A systematic review of AI-based food and calorie detection systems in healthcare: Trends, techniques, and applications
Garthigan Kumarasamy, Minh Vi Nguyen, Prasad Hettiarachchige, Priyanga Ranasinghe, Uthayasanker Thayasivam, Damminda AlahakoonBackground
Accurate assessment of calorie and nutrient intake is essential for the prevention and management of chronic diseases such as obesity and type 2 diabetes. However, traditional dietary assessment methods, including food diaries and dietary recalls, are often labor-intensive, time-consuming, and prone to reporting errors.
Objective
This review aims to systematically examine the current landscape of artificial intelligence (AI)-based food recognition and calorie estimation systems in healthcare, highlighting technological developments, applications, performance trends, and research gaps.
Methods
A systematic review was conducted following PRISMA 2020 guidelines. Literature published between 2015 and 2025 was retrieved from Scopus, PubMed, IEEE Xplore, Web of Science. Google Scholar was additionally searched to identify relevant grey literature and citation records. Studies focusing on AI-driven dietary assessment using computer vision, machine learning, multimodal learning, and large language models (LLMs) were screened according to predefined inclusion and exclusion criteria.
Results
A total of 57 studies met the eligibility criteria.
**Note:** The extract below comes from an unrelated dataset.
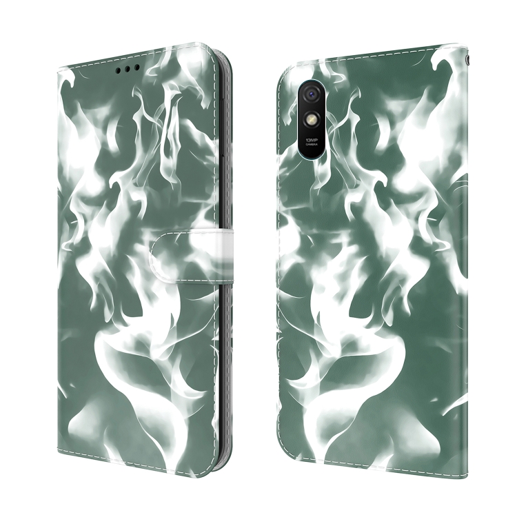 Para Xiaomi Redmi 9A Nube Fog Pattel Horizontal Flip Funda de Cuero con Soporte y Ranura para Tarjeta y Billetera (Verde Oscuro)
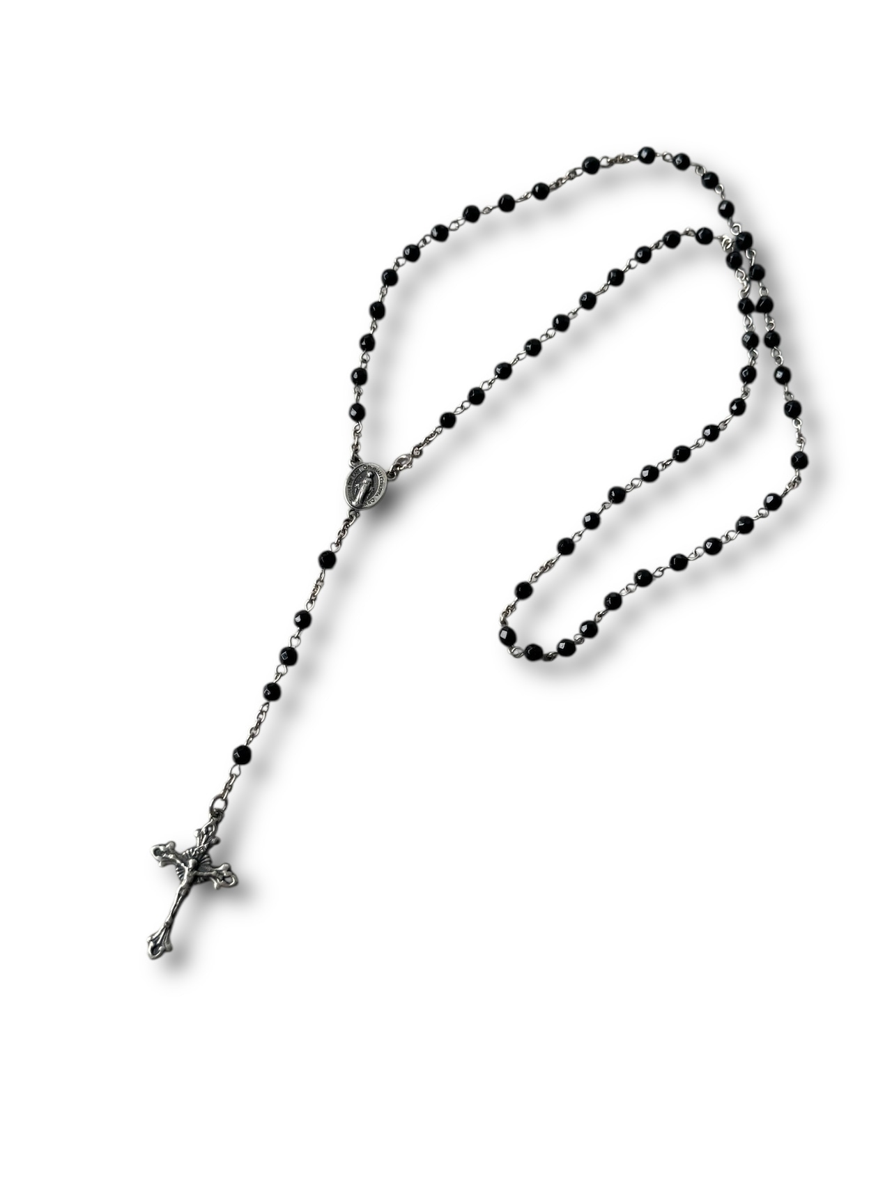 silver and beads rosary necklace

Three major technological trends were identified: (1) convolutional neural network (CNN)-based approaches, achieving 80–97% classification accuracy; (2) transformer-based architectures, including Vision Transformers and Swin Transformers reported accuracies ranging up to 99.83% under specific benchmark settings; and (3) multimodal and LLM-based systems, such as GPT-4V, Gemini, and Claude, demonstrating 89.8% food recognition accuracy and promising portion estimation performance. Commercial applications including MyFitnessPal, CalorieMama, DietCam, and FoodAI were also reviewed.
Conclusion
AI-driven food recognition and dietary assessment technologies have significantly advanced nutritional monitoring and personalized healthcare. Nevertheless, challenges remain in portion estimation, clinical validation, and the representation of culturally diverse cuisines, particularly in South Asian contexts. Future research should focus on region-specific datasets, multimodal AI systems, and clinically validated deployment frameworks.